What if it isn’t a crisis? I don’t mean that it isn’t important, just that a ‘crisis’ implies a departure from a situation to which we will return. But there won’t be a whistle to tell us when covid-19 is no longer a threat. So how many of our assumptions about possible futures rely on the idea that we will be able to see when this ends. ‘Before’ is clear, though far from universal, but there will be no clear point marking ‘after’, no silence following the catastrophe. In the same way that the comfortable distinctions between ‘before’ and ‘after’, or ‘normal’ and ‘exceptional’ don’t exist, the distinction between ‘here’ and ‘there’ has broken down. I am thinking of the groups following another legacy, the tradition of gentry escaping the diseased town and holing up in the countryside: this time, the second-home-owners and monied renters hoping at least for some scenery in their isolation have been turned back. There seems to be nowhere, apart from in submarines under the sea, where humans are excepted from living with coronavirus. Everywhere is ‘here’ now, there’s no more ‘there’ (this brings to mind Sloterdijk’s description of modernist thought depending on the notion of an “outside realm”, and the challenge to this presented by thinking of the ‘Anthropocene’). Some have recognised that a return is not possible, and there are many articles and blog posts declaring that ‘after this, nothing’s going back to normal’. But this isn’t as useful as it sounds, I think: you might say that already happened, in 2016, or maybe 2008, or perhaps 1989, or 1979, or 1786 (these dates are European contenders: other parts of the world might choose the arrival of Europeans, or their own historic industrial revolutions, to mark the end of their ‘normal’).

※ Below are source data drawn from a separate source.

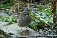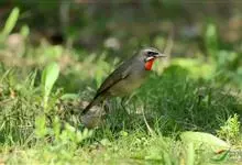 红点颏:是鸟纲、鹟科的鸣禽。又名西伯利亚歌鸲。体长14-17厘米,体重16-27克。雄鸟头部、上体主要为橄榄褐色。眉纹白色。颏部、喉部红色,周围有黑色狭纹。胸部灰色,腹部白色。雌鸟颏部、喉部不呈赤红色,…全部>>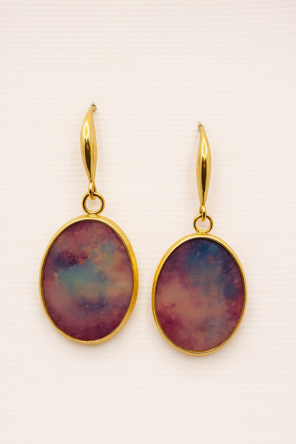 Swirled with dreamy purples, soft blues, and warm rose tones, these earrings capture that perfect in-between moment when day gives the sky a goodnight kiss. The marbled finish glows subtly with every move — calm, elegant, and just mysterious enough to keep people guessing. Lightweight yet striking, they’re the definition of effortless enchantment.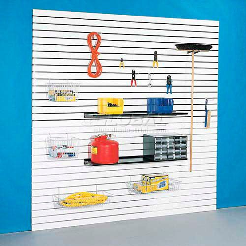 96"H x 48"W Slatwall Panel - Cherry Laminate, With Aluminum Inserts Modular Slatwall is completely flexible and allows for configurations to be quickly changed based on your needs. Use in many working environments such as storage closets, maintenance areas. Eliminates clutter and mess. Hang tools, mops, rakes, shovels, or any other items you need accessibility to. Slatwall panel is constructed of 3/4" medium-density fiberboard with cherry melamine surface with grooves on 3" centers. Optional accessories to maximize usage include: wire baskets (for small parts or tools), shelves, peg hooks for hanging tools, cords or rope, etc., chrome shelf brackets. Panels and shelves sold in package quantities. Slatwall panels are custom cut and not returnable. - Pkg Qty 4.

What if it’s not a blip, a deviation that returns to the line, but a staircase? I could have said ‘ratchet’, perhaps: in any case, what I mean it that our existence now might be more likely defined by increasing pressure, bit by bit, lacking an ebb and flow, offering no respite. There will be additional crises, not ‘new’ crises, that follow this one. In the same way (from a UK perspective) that Brexit placed additional pressure on a society suffering under austerity, this crisis makes the consequences of Brexit more intense: the continuing displacement of people from regions made unliveable by climate change, or the further erosion of public trust, or any other long-anticipated event, will all be dealt with by a society still dealing with the social and economic effects of the coronavirus, which it was managing while still dealing with the consequences of, well, you know. The more things break, the more things break. Different contexts will have their own crisis staircase, their own ratchet. This is the mechanism of the Jackpot William Gibson describes, a slow, ongoing, mundane, tragic, comprehensive, multi-dimensional collection of layered catastrophes that has been happening for the last hundred years and will last another hundred more. If the emergency is declared over in three weeks and we are all sent out of our homes to our workplaces again, it will still be unfolding beneath us, and it will still shape our response to the next emergency.

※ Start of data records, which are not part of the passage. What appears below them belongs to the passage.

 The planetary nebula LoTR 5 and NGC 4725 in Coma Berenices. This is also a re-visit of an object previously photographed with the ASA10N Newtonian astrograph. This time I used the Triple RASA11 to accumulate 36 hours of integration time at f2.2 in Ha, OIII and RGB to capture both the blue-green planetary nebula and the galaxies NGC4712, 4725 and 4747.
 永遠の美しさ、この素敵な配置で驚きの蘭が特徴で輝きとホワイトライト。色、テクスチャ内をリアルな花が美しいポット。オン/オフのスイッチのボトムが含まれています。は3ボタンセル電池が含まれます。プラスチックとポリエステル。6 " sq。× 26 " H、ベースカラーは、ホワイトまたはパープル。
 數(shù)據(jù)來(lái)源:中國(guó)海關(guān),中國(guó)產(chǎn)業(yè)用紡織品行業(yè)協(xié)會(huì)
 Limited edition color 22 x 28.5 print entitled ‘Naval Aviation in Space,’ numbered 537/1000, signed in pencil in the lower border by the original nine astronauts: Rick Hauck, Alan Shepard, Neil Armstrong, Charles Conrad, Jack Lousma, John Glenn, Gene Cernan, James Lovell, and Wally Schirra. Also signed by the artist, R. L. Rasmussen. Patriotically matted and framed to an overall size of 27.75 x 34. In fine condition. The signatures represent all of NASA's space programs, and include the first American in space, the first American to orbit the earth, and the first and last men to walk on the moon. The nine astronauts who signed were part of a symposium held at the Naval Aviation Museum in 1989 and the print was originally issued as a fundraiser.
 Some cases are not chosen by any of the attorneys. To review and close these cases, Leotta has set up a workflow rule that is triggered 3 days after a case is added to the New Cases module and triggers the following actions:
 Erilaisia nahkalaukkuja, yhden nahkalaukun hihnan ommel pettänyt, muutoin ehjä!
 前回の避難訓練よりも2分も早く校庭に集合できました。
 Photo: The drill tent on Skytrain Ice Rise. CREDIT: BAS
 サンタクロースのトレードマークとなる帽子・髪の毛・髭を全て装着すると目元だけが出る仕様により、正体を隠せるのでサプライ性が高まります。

All these questions are concerned with legacies, ways of being and thinking handed to us. Perhaps the purpose of thinking about the future is to engage with what we’ve been given and what we’re passing on. What have we inherited that we can make use of? What can we let go of now? What are we doing now that we ought to protect and pass on? What accidental legacies might we leave if we don’t pay attention?

Instead of rushing to work out what I think about this, I think I have a short time to loiter, stepping off the staircase. The changes we will be concerned with are going to be bigger than telecommuting, or pernicious states of emergency, and pretty soon there will be more urgent aspects of the pandemic for our household to deal with. Lynn Unger wrote a poem, Pandemic, that suggests we

Give up, just for now,
on trying to make the world
different than it is.

The key is ‘just for now’. I don’t know, yet, that we understand what’s happened well enough to know that what we want to do is a good idea. Maybe, for now, acting in response to something is less useful than just acting, doing what’s needed — helping, caring — regardless of how we understand things.